В связи с тем, что вечером объявили по радио о прохождении искусственного спутника над Москвой завтра утром в шестом часу, я лег, не раздеваясь и заказав себе проснуться в четыре часа. Я проснулся в пять. Сперва даже трудно было представить себе, как это можно сейчас встать и выйти на улицу. Однако встал и вскоре был на улице. Я решил пойти к Каменному мосту и ожидать появления спутника на нем, поскольку над мостом много неба, только внизу отороченного зданиями. Небо было еще ночное, хоть и лунное, с длинными, полотенцеобразными, но прозрачными облаками. На юге быстро и стрельчато мерцала какая-то крупная звезда, которую, к стыду своему, я не мог узнать. Были рассыпаны и по всему небу редкие звезды, то потухавшие за полосами облаков, то опять свежо и уверенно появлявшиеся из-за них. Я смотрел на северо-запад, где, согласно сообщению, должен был взойти спутник, – на северо-запад, имея ориентиром высотное здание на Смоленской площади. Я в виде одной точки понимал сторону света, северо-запад, упустив из виду, что это четверть купола. Когда я не сделал и сотни шагов, я увидел идущих навстречу мне нескольких мужчин, оживленно разговаривавших, и понял, что я опоздал – эти люди, ясно было, уже видели спутник. Так и оказалось.

– Опоздали, – сказал один из них.

Пока я смотрел на северо-запад как в точку, просто держал в поле зрения высотный дом на Смоленской, спутник, взошедший на более широко понимаемом северо-западе, то есть в одной из точек целой четверти небосвода, двигался над моим правым плечом, чуть дальше его еще вправо.

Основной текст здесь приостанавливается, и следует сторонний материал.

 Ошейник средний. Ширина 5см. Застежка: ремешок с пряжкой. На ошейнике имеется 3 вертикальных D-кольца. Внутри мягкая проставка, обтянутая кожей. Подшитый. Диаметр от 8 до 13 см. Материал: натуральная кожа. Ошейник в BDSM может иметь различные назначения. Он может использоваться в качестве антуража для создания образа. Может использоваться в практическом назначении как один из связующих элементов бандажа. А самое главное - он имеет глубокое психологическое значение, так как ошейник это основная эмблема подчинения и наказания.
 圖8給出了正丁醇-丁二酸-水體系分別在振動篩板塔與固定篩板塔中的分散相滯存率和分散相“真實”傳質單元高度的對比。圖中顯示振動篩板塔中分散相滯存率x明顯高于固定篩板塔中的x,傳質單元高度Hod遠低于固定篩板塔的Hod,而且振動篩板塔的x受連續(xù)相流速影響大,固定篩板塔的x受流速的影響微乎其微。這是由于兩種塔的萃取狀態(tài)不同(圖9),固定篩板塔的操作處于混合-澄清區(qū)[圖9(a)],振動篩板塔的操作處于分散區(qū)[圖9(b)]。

– Какой он? – спросил я. – Вот как эта звезда?

– Да, – ответил один из мужчин.

Значит, он довольно большой на вид. Все-таки непонятно, как может быть видим шар величиной в те, которые лежат на цоколях в садах, на расстоянии в тысячу километров и быть еще ярким. Впрочем, тут и не стоит браться что-нибудь понимать.

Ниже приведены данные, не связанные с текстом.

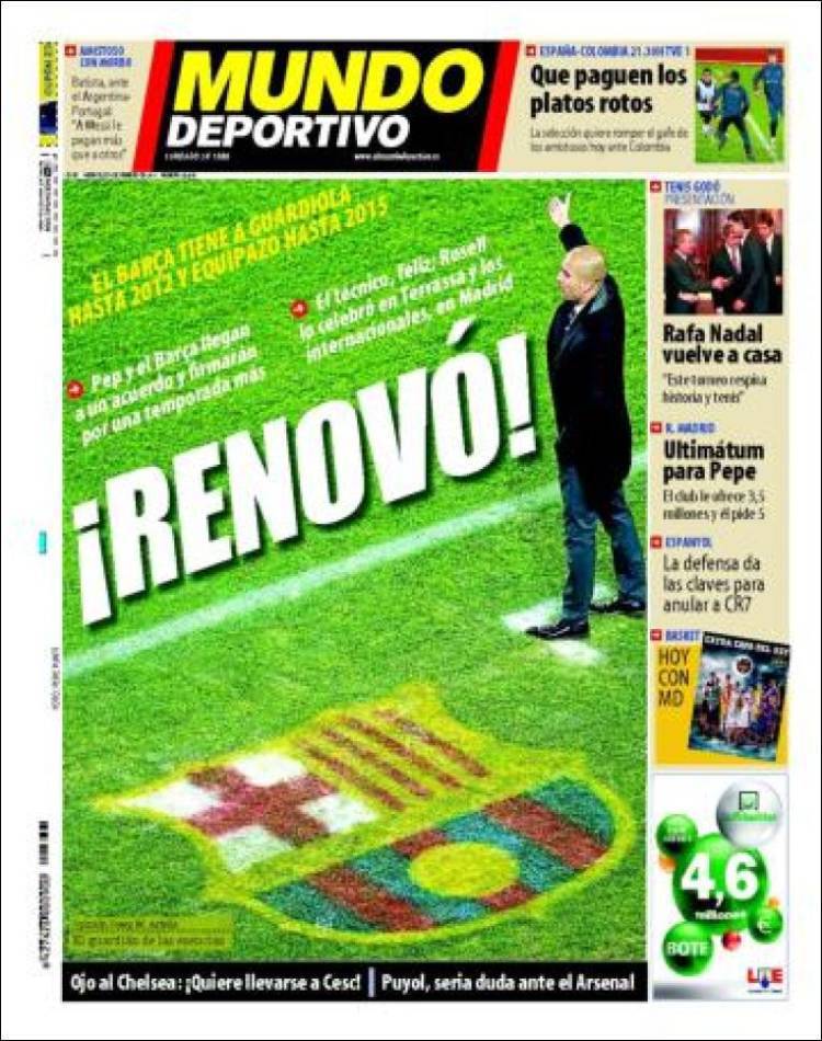 MUNDO DEPORTIVO RINNOVO GUARDIOLA – Sul quotidiano catalano Mundo Deportivo si parla invece del rinnovo di Pep Guardiola con il Barcellona. Il tecnico catalano ha firmato per un altro anno.

Почему именно случилось, что я родился не в те дни, когда была открыта Америка, а в дни, когда появился искусственный спутник!

Как все меняется! Как все меняется! Совсем другие сейчас голоса дикторов, чем, скажем, год-другой назад. Я помню еще диктора Про.

– Вел передачу Про.

Это был первый диктор радиопередач. Помните:

– Вел передачу Про.

Он еще жив. Очень, очень старый человек – в бесформенной шапочке, с бесформенным румянцем. Все это от старости. Он увидел меня из окна какого-то транспорта и узнал. Мы раскланялись.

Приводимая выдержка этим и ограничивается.